Desplechin draws from an arsenal that recalls the work of Truffaut and Godard in the early New Wave, and like them he weaves his cinematic ideas in his narrative tapestry of perspective and memory. He isn’t out to explain as much as explore the complicated relationships between family members and the complexity of feelings behind those connections as he roams through flashbacks, detours through old secrets and clues that don’t always lead you to a solution. They don’t illuminate the why, only the layers of drama coursing through the what, and even those are subjective at best, a loaded perspective that reveals more about the narrator than the event itself.
This is neither a farce of dysfunctional collisions nor a family drama where dredging up past sins and misunderstandings leads to teary reconciliations.
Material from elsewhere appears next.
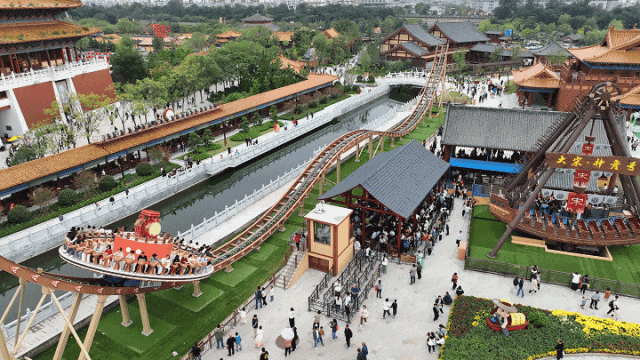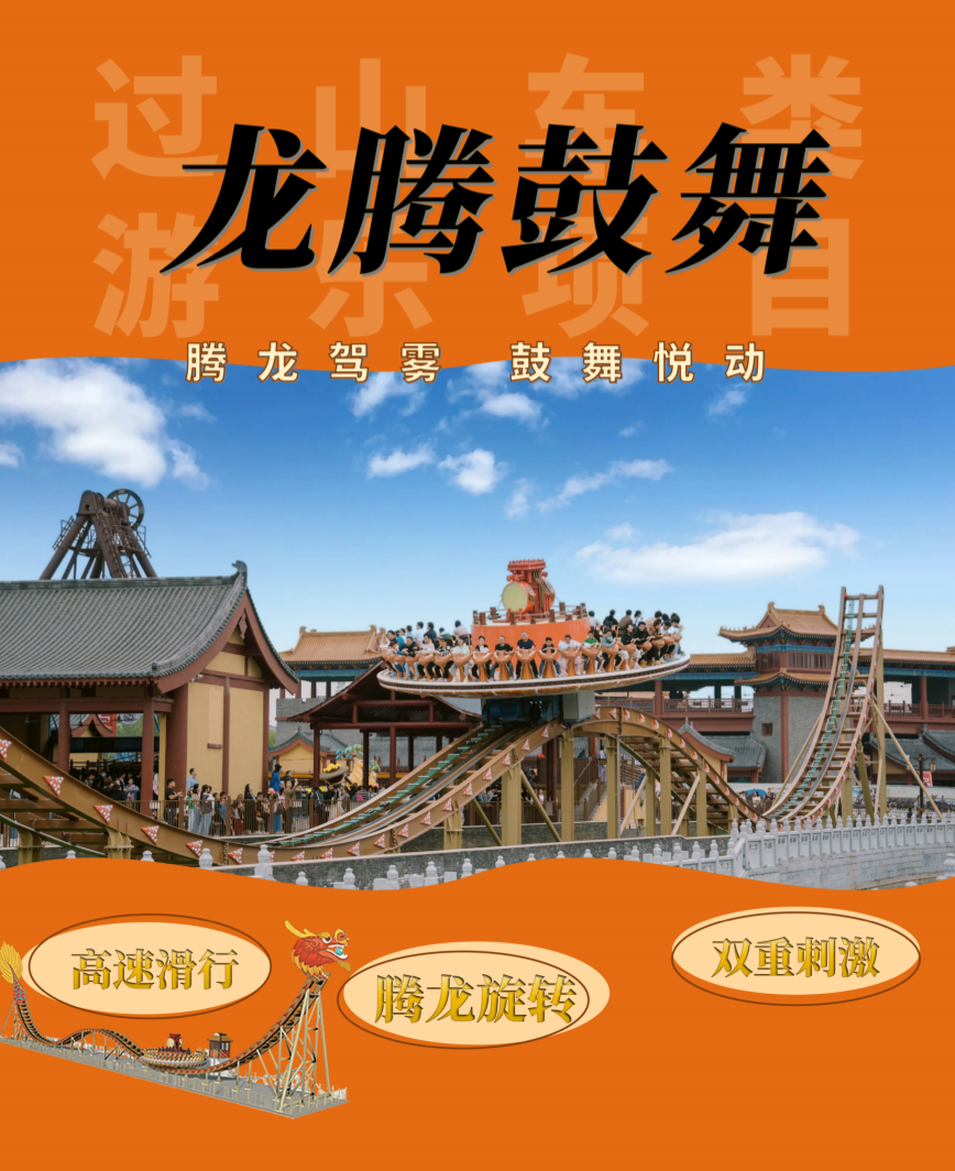 “龍騰鼓舞”游樂設施,增加了宋代擊鼓元素,伴隨音樂節(jié)奏,動感十足,讓游客擁有騰云駕霧的沉浸體驗,體驗高速滑行和舞動旋轉的雙重刺激。

It’s about the messy space inhabited by loved ones who will never know or understand everything about each other (or, for that matter, themselves) and may never overcome their own impulses (rational or irrational) and emotional reflexes. For all the prickly relations, Desplechin’s mix of joy and sadness and generosity and selfishness and forgiveness and blame is beautiful and celebratory.
Full of invention and energy, rich with suggestive details, brimming with evocative and playful technique woven into a dynamic piece of storytelling, it can seem oblique and messy. Entire histories can be suggested in a glance and a reaction and the viewer is left to fill in the rest. Yet for all the creative sprawl and seemingly inexplicable jags of human behavior, there is a magnificence to the design and the journey. A Christmas Tale is dense, creative and cinematically thrilling film, a film that pulses with human life in all its terrible and beautiful irrationality.
The Criterion Channel presents the two interview featurettes from the Criterion disc release (explored below) and two trailers.
Also available on DVD and Blu-ray in a deluxe Criterion edition and on SVOD through Amazon Video and other services. Availability may vary by service.
A Christmas Tale [DVD]
A Christmas Tale [Blu-ray]
The two-disc DVD and single-disc Blu-ray releases both feature the very personal 2007 documentary “L’aimée,” a 65-minute film he made upon the sale of the family home in Roubaix (where A Christmas Tale is set) that turns into a tour through his unexplored (and never talked about) family history, and “Arnaud’s Tale,” a 35-minute featurette with new interviews with director Arnaud Desplechin and actors Mathieu Amalric and Catherine Deneuve (all in English). The nicely-shaped piece explores the origins of the film but is most illuminating when it comes to Desplechin’s creative approach and working methods. Also features French and American trailers and a booklet with an essay by Phillip Lopate.